Digital sovereignty decides the future


Europe continues to be fragmented into 28 submarkets and demand for IT and telecommunications across the EU is growing by just 0.1%.
"We must achieve international excellence in key digital technologies, services and platforms and at the same time be able to make self-determined and confident decisions between alternatives from trustworthy partners"
said Bitkom President Prof. Dieter Kempf.
"Politicians, but also all relevant players in business and society, must give top priority to the goal of digital sovereignty."
Countries such as the USA or China already have significantly larger, uniform domestic markets, while the corresponding investments have increased many times over. Of the hundred leading global IT and telecommunications companies, only nine are based in Europe, two of which are in Germany.
Eight measures for a digital restart
1. Germany must be the engine of a digitally sovereign EU. In regions that already have a very good basis, technological focal points should be established and developed into globally unique centers of excellence.

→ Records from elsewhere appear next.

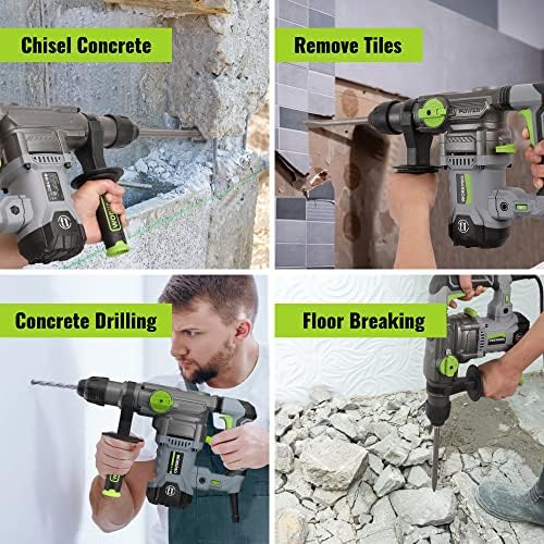 【Better Tools Make It Professional】 Heavy duty material & structure pass 1m drop test with no functional issue. Professional grade. This rotary hammer provides a powerful 12.5 AMP motor. 5.5 joules impact energy for fast drilling and chipping speed
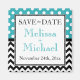 Imã salve o dia na moda personalizados para anunciar seu casamento, projetados com bolinhas brancas sobre turquesa no topo e um padrão de zigue preto e branco no fundo.
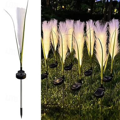 אורות גינה סולאריים, תאורת ריד חיצונית עם סיב אופטי, תאורת לד עמידה למים לחוץ, קישוט לחצר פטיו ושביל
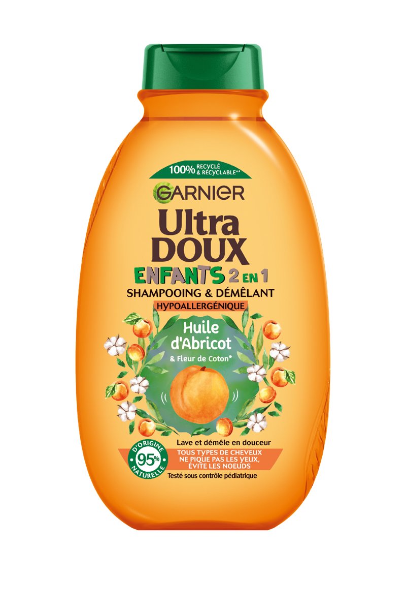 Découvrez notre formule enfants 2-en-1, enrichie en huile d’abricot et fleur de coton, pour tous types de cheveux.
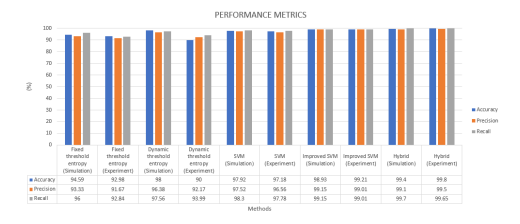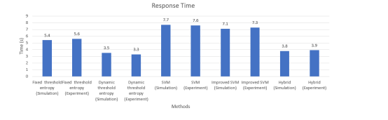 The hybrid model outperformed all other methods, achieving up to 4% higher accuracy than the static threshold entropy method and a faster response time of around 3 seconds. The integration of entropy with SVM in the hybrid model combines the strengths of both methods, resulting in exceptional performance and outstanding results.
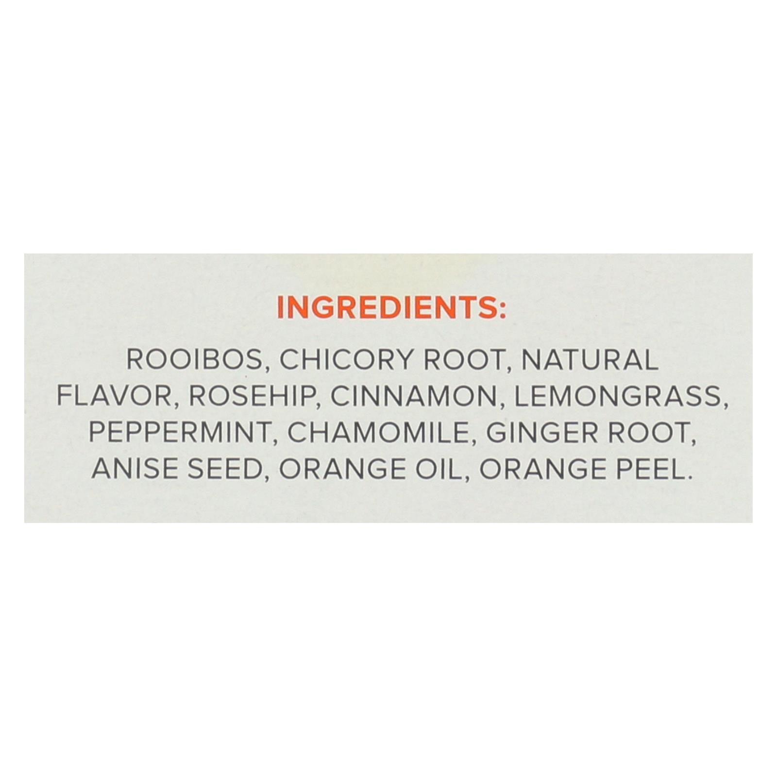 Rooibos, chicory root, natural flavor, rosehip, cinnamon, lemongrass, peppermint, chamomile, anise seed, ginger root, orange oil, orange peel.

The standardization structures and procedures that have developed in Germany and Europe over decades should be reviewed with the aim of greatly accelerating the processes and thus being able to set authoritative global standards in new fields of technology from Germany at an early stage.
2 Germany must make Europe its home market. The fragmentation of the European market is the biggest structural disadvantage compared to the USA and China.
A genuine digital single market with uniform conditions across the EU, from data and consumer protection to taxation, would bring Europe much closer to the USA and China.
3 Germany must become a European start-up hotspot. Efficient, fast-growing and internationally oriented tech start-ups are crucial for a functioning digital ecosystem. We need to make founding, growing and internationalizing as easy as possible.
4 Germany must concentrate its research funding on digital technologies. The watering can principle, which is still too widespread in public research and business funding, should be developed into a focus principle.
In future, public funding from Germany and the EU should focus on measures that serve to gain digital sovereignty, particularly in terms of the digital transformation of Germany's and Europe's leading industries.
5 Germany must strike a balance between data diversity and data protection. A competitive data economy with its platforms and intelligent services needs an international level playing field, including through a European General Data Protection Regulation.
Data protection must enable the data economy under the same conditions for all providers and must not prevent it. Two basic principles of data protection - data minimization and purpose limitation - must be reviewed and supplemented or replaced by the principles of data diversity and data richness.
6 Germany must supplement its educational ideal with a digital educational ideal. It needs people who are able to develop the appropriate technologies and use them responsibly.
To this end, the education system must be reformed in such a way that sufficient availability of IT specialists is ensured in the long term. Computer science must be introduced as a compulsory subject from year 5 onwards.
7 Germany must provide optimum protection for its communications. Europe's economy, state and citizens must be enabled to communicate in digital networks with absolute confidentiality and protection.
To do this, they need know-how, reliable guidance and trustworthy partners.
8 Germany must build the most efficient digital infrastructures. High-performance and secure digital infrastructures and smart grids must be established as quickly as possible as part of a joint effort by industry and the state as part of Europe-wide high-performance networks.